A liberdade de expressão a que se refere a Constituição é a das manifestações em público, do direito de imprimir em casa panfletos com críticas e opiniões e distribuí-los nas ruas, de falar ou não falar perante autoridades, de criar sites na internet sobre qualquer assunto ou ideologia sem risco de censura, entre várias outras possibilidades. Essa liberdade de expressão não significa necessariamente que tais manifestações devam ou sequer possam ser feitas por meio de veículos de comunicação de massa privados ou públicos.

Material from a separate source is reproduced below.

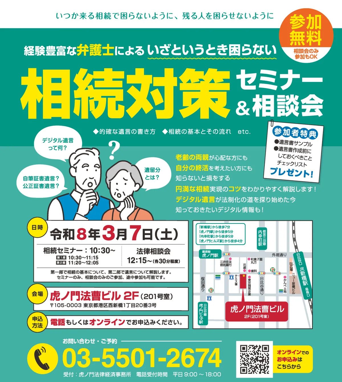 2026年3月7日、東京の虎ノ門で、相続対策に特化した無料セミナーが開催されます。このセミナーでは、経験豊富な弁護士が相続の基礎知識から具体的な対策まで、詳しく解説します。相続がいつやってくるかわからない今こそ、必要な準備を始める絶好の機会です。

Esse tênue limite estabelecido pelo bom senso é o mesmo que nos impede de achar correto que qualquer açougueiro hábil possa exercer sua destreza em uma mesa de cirurgia, ou que um bom taxista possa ser companheiro de Felipe Massa na Ferrari. A confusão proposital foi uma argumentação mais do que cínica do Sertesp para embasar o processo, e pode ser um tiro pela culatra. Porque se a liberdade de expressão a que todo brasileiro tem direito inclui ter acesso livre aos microfones e teclados dos veículos de comunicação de massa, como concordou e concluiu o Supremo, as empresas de comunicação devem doravante ser obrigadas a garantir esse direito a todo e qualquer cidadão, de forma irrestrita, não é? Eu realmente quero saber o posicionamento do Sertesp quanto a isso, especialmente quando algum cidadão ciente dos seus direitos protocolar um mandado de segurança com este objetivo.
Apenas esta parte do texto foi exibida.